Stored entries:
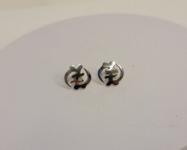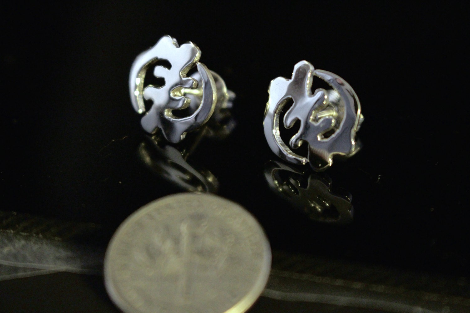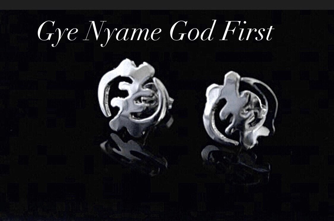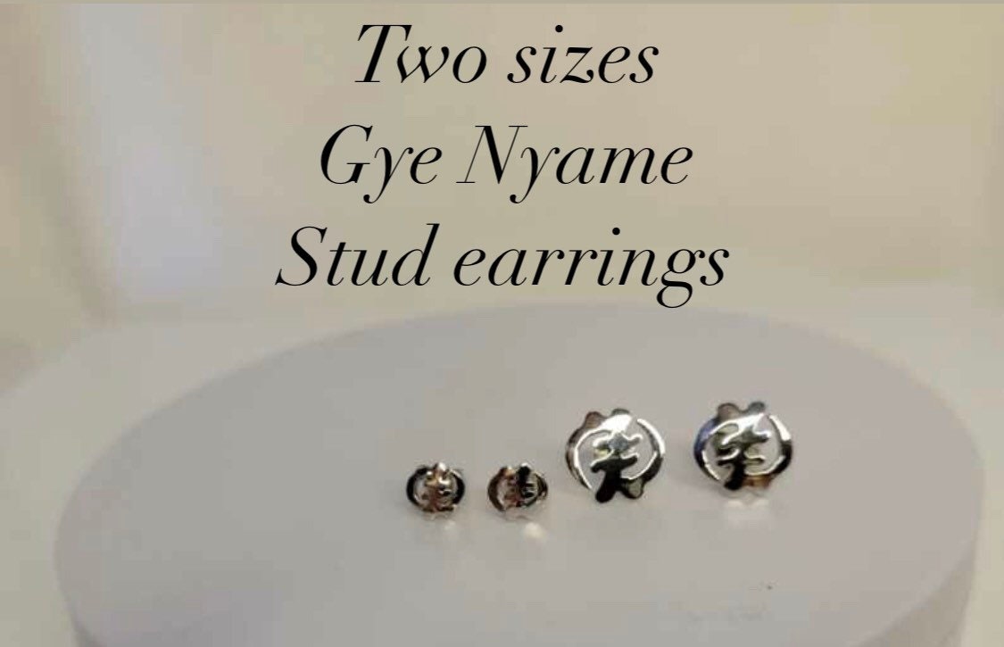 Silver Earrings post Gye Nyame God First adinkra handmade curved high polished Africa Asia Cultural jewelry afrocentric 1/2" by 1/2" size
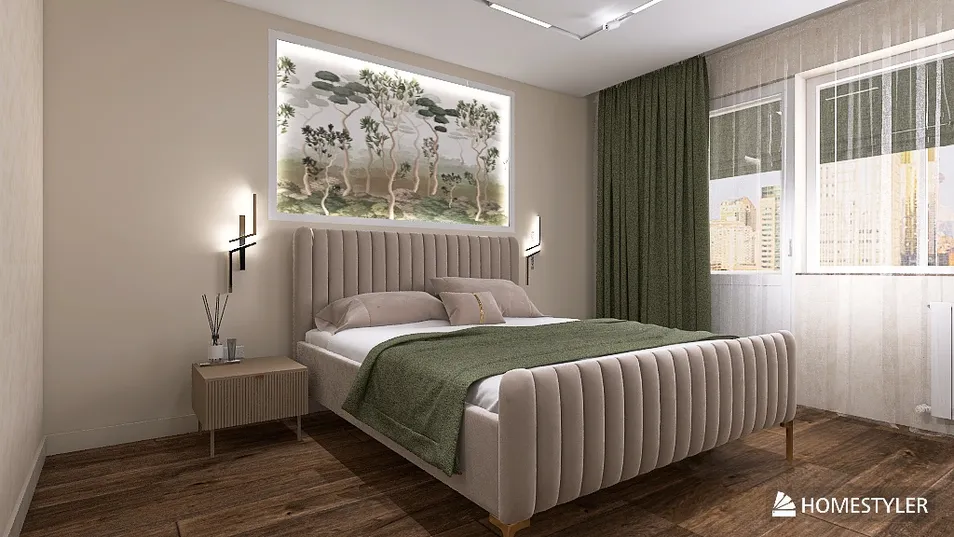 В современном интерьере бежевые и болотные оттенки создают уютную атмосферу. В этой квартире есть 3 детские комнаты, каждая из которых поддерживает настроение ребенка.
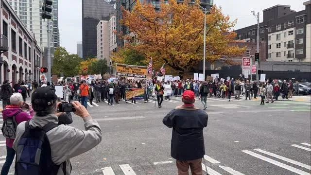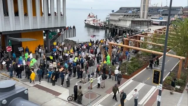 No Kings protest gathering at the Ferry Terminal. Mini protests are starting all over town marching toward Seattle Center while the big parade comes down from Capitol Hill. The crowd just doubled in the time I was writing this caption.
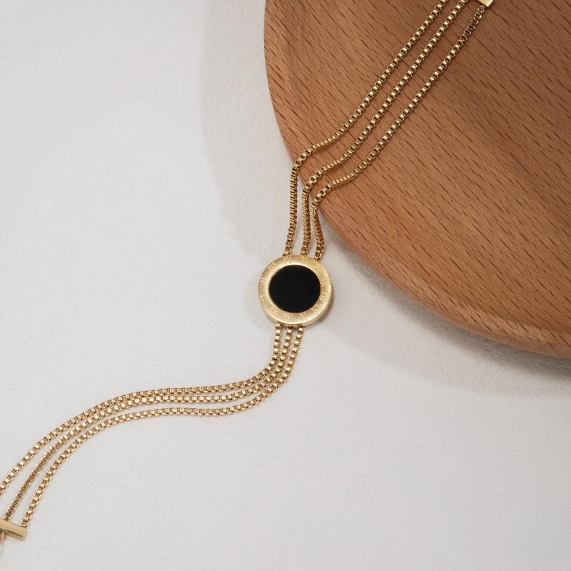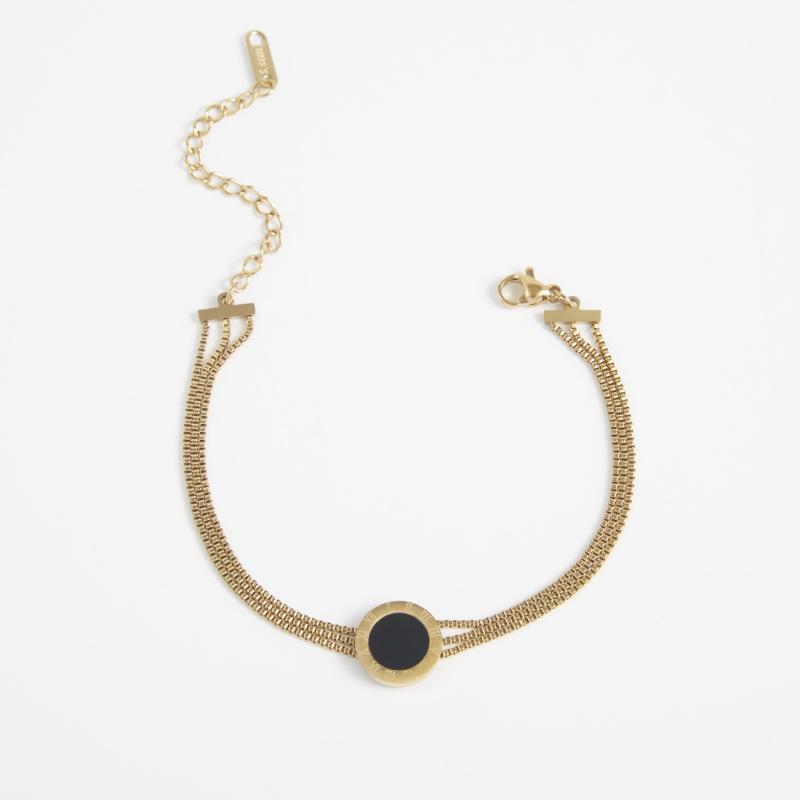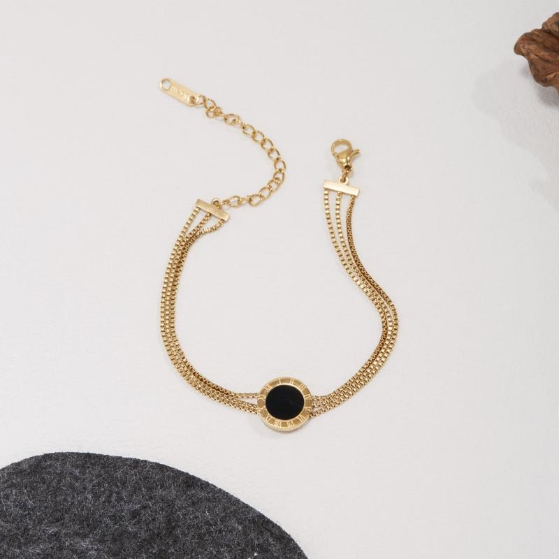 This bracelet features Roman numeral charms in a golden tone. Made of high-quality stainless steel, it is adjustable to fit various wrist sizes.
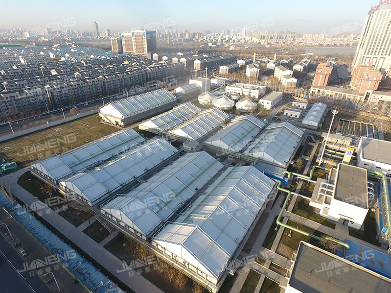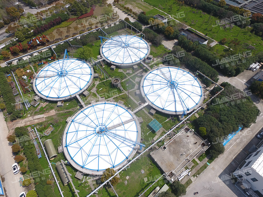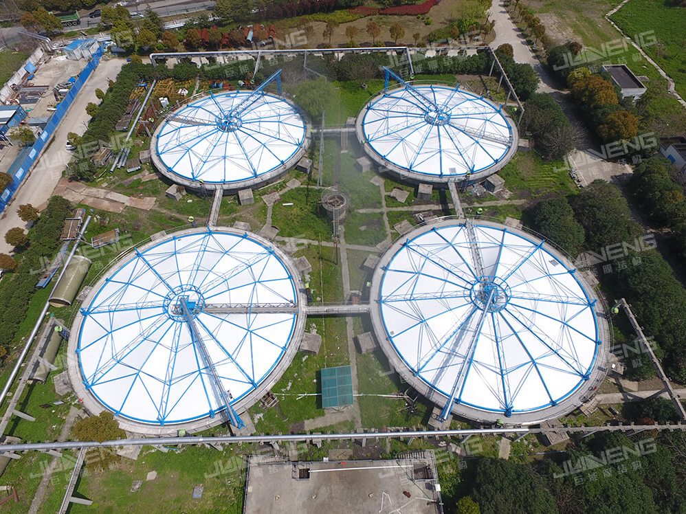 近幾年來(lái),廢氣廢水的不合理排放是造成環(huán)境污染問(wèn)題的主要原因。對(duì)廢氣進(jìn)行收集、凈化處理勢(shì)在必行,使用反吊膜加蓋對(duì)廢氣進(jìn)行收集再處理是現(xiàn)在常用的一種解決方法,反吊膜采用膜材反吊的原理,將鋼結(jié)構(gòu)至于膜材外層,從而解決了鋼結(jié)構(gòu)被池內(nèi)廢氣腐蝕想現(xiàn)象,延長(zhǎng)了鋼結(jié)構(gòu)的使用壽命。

**What the task requires**:
Could you reproduce all of the data above exactly and skip any image?

**Answer section**:
 Silver Earrings post Gye Nyame God First adinkra handmade curved high polished Africa Asia Cultural jewelry afrocentric 1/2" by 1/2" size
 В современном интерьере бежевые и болотные оттенки создают уютную атмосферу. В этой квартире есть 3 детские комнаты, каждая из которых поддерживает настроение ребенка.
 No Kings protest gathering at the Ferry Terminal. Mini protests are starting all over town marching toward Seattle Center while the big parade comes down from Capitol Hill. The crowd just doubled in the time I was writing this caption.
 This bracelet features Roman numeral charms in a golden tone. Made of high-quality stainless steel, it is adjustable to fit various wrist sizes.
 近幾年來(lái),廢氣廢水的不合理排放是造成環(huán)境污染問(wèn)題的主要原因。對(duì)廢氣進(jìn)行收集、凈化處理勢(shì)在必行,使用反吊膜加蓋對(duì)廢氣進(jìn)行收集再處理是現(xiàn)在常用的一種解決方法,反吊膜采用膜材反吊的原理,將鋼結(jié)構(gòu)至于膜材外層,從而解決了鋼結(jié)構(gòu)被池內(nèi)廢氣腐蝕想現(xiàn)象,延長(zhǎng)了鋼結(jié)構(gòu)的使用壽命。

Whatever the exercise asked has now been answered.